東郷は怜を抱き締め、ヨシヨシと頭を撫でた。


「東郷、……君……ズビッ……」

「ん?」

「わ、私のお母ちゃんな……グス…」

「うん」


怜は頭を上げた。


「めっさ強いねん」

「……!」

「やられたら350倍にして返す人なんよ」

「そ、そうなんだ……」

「前なんか、髪結い料ぼったくられたことに腹立てて、その糞ジジイ丸坊主にしてん」


東郷はゾッとした。


「……でもさ」

「うん。わかっとる」


怜はゴシゴシと涙を拭いた。


「あんまり調子に乗らんようにする」


東郷は怜が理解をしてくれたと安堵し、ホッと息をついた。東郷とて何も意地悪で言ったわけではない。これは小松からの忠告であると共に、怜の身を案じてのことである。


「しばらく一緒におってくれるんやろ?」

「あ、うん。さっき小栗様に頼んだら二つ返事で了解してくれたんだ」

「そう。ほんなら安心や」


にこりと微笑む怜に東郷は嬉しくなった。

自分は必要とされていると思ったのだ。


「東郷君がおってくれたら怖いもん無しや」

「そ、そう?」


だが彼は怜の思惑に全く気づかなかった。

この少女を普通の五歳児だと思ってはならない。

思ってはならないのだ!


「ところで、お金持ってる?」

「え……?」

   


◇◇◇◇◇◇◇



小栗はご機嫌であった。


優秀な小姓がやってきたのだ。

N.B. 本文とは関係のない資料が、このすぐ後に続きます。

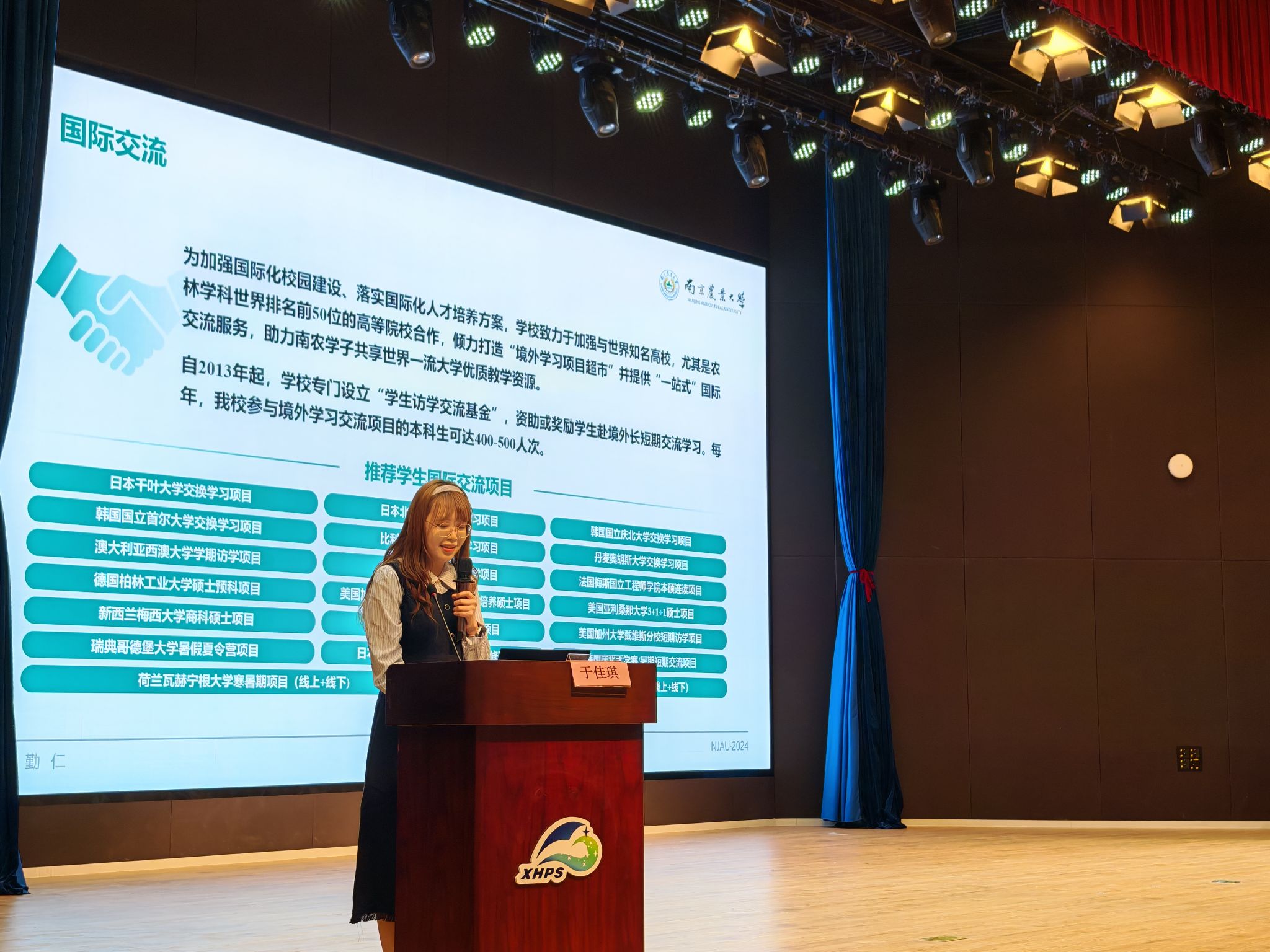 于佳琪围绕南京农业大学的办学历史、专业特点、师资力量、校园生活、就业前景等方面展开了详细介绍,全方位立体化的展现了我校的学科专业亮点与校园文化风情,显著加深了同学们对于南京农业大学的认知程度。并通过观看精彩的招生宣传视频让与会师生直观的感受到了学校的魅力。

無理もない。

朝起きて庭へ出ると既に一汗掻いた少年が姿勢正しく素振りをしており、小栗に気付くなりその場で正座し「先生、おはようございます」と一礼した。


「おはよ…う……」

「どうなされたのですか!?」

「目にゴミが…」

「お待ちを。桶に水を用意致します」


忍者のごとくササッと消えた東郷。

小栗は満面の笑みでそれを見て、庭に面した怜の部屋に視線を移した。


「まだ寝ているのか?」


ガラリと板戸を開けると、怜は高いびきで爆睡している。隣りの鈴木君も同様だ。


「一度ならず二度までも……」


小栗はスウーと息を吸った。


「曲者が来たァァァアァ!!」


静寂な朝に響く男の怒声。

使用人は「いつものこと」で慣れきっているが、怜達には初めてのことである。



「オラァァァア!!命知らずのアホはどこじゃい!!出てこい!!」

「ギョォォオォォオォ!」

「曲者は僕が成敗する!!」



小栗は木の陰にそっと隠れた。


※ホレーショ・ネルソン(1758~1805年)

アメリカ独立戦争などで活躍したイギリス海軍提督。有名なトラファルガー海戦でも、フランス・スペイン連合艦隊を破って勝利。イギリス最大の英雄。